Sensor technology and falling device costs means that wearable technology is becoming increasingly practical, whether as simple ‘single vital sign’ units that can be attached to the body, such as the AS7000, or in more sophisticated full body sensor filled exoskeletons.

According to Steve Knoth, senior product marketing engineer, power products, for Linear Technology: “The core architecture of a smart wearable has to be a combination of parts such as a microprocessor or microcontroller; some sort of micro-electromechanical sensors (MEMS); mechanical actuators; Bluetooth/cellular/Wi-Fi connectivity to collect/process and synchronise data; imaging electronics, LEDs; computing resources; a battery pack and support electronics.

“What is crucial is a compact form factor, low weight and ultra-low energy consumption. But engineers need to be aware that powering these devices efficiently and accurately with a minimal current draw isn’t simple.”

According to Knoth, smart wearables need:

* ultra-low quiescent current, both in operating mode and shutdown

* wide input voltage range to accommodate a variety of power sources

* the ability to efficiently power system rails (some with voltages of more than 5V)

* The ability to count Coulombs accurately without affecting IC quiescent current (battery consumption) current in order to determine battery run time

* small, light weight and low profile solution footprints

* advanced packaging for improved thermal performance and space efficiency.

“We have sought to address these market requirements with a variety of products, from ultra-low buck regulators to nanopower devices and energy harvesting regulators,” Knoth explains.

“For example, the LTC3388 is an ultra-low quiescent current synchronous buck converter capable of delivering up to 50mA of continuous output current from a 2.7 to 20V input supply. It has a no-load operating current of only 720nA which makes it suitable for battery-powered and low quiescent power applications.

“The LTC3335 is a nanopower high efficiency synchronous buck-boost converter with an onboard precision Coulomb counter that can deliver up to 50mA of continuous output current. With only 680nA of quiescent current and programmable peak input currents from as low as 5mA up to 250mA, we are using it to target wearable and IoT devices.”

ADI’s Broeders believes the market for wearable medical devices is evolving to not only provide health monitoring, but also more pro-active healthcare. But he accepts that power will always be a critical factor.

“Wearable designs require high performance, small size and low power, but integrating everything, including the battery, in a small package is still a challenge,” he says. Despite new battery technologies that are capable of bringing more capacity per unit volume, the battery ‘is still large compared to the electronics’.

Energy harvesting can reduce battery size and extend battery life and a number of technologies to harvest energy, including thermoelectric, piezoelectric, electromagnetic, and photovoltaic are available.

“Light and heat tend to be the most appropriate for wearable devices,” Broeders suggests. “The sensors usually don’t provide a lot of output power, so every Joule generated should be caught and used.”

Linear has developed an energy harvesting device – the LTC3331 – that is capable of delivering up to 50mA of continuous output current to extend battery life when harvestable energy is available.

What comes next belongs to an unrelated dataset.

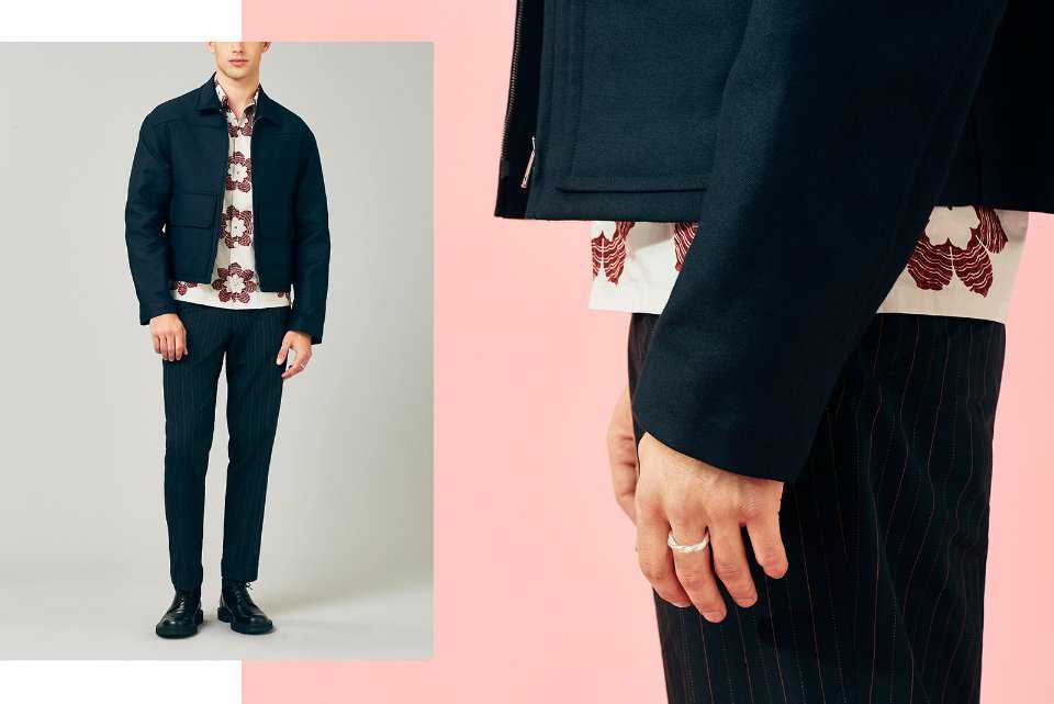 Узкие брюки Dries Van Noten в тонкую, практически незаметную, полоску в цвет принта на рубашке (девушка должна оценить такое внимание к деталям). И эта минималистская темно-синяя куртка из хлопчатобумажной ткани от Jil Sander будет отлично смотреться практически со всем

“It integrates a high voltage energy harvesting power supply, a battery charger, and a synchronous buck-boost DC/DC converter, creating a single continuous regulated output for energy harvesting applications such as those in wireless sensor networks,” according to Knoth.

The wearable devices market is a fast changing one and developments are continuing at a pace but the biggest challenges will be, for the time being at least, how to minimise size and maximise battery lifetime.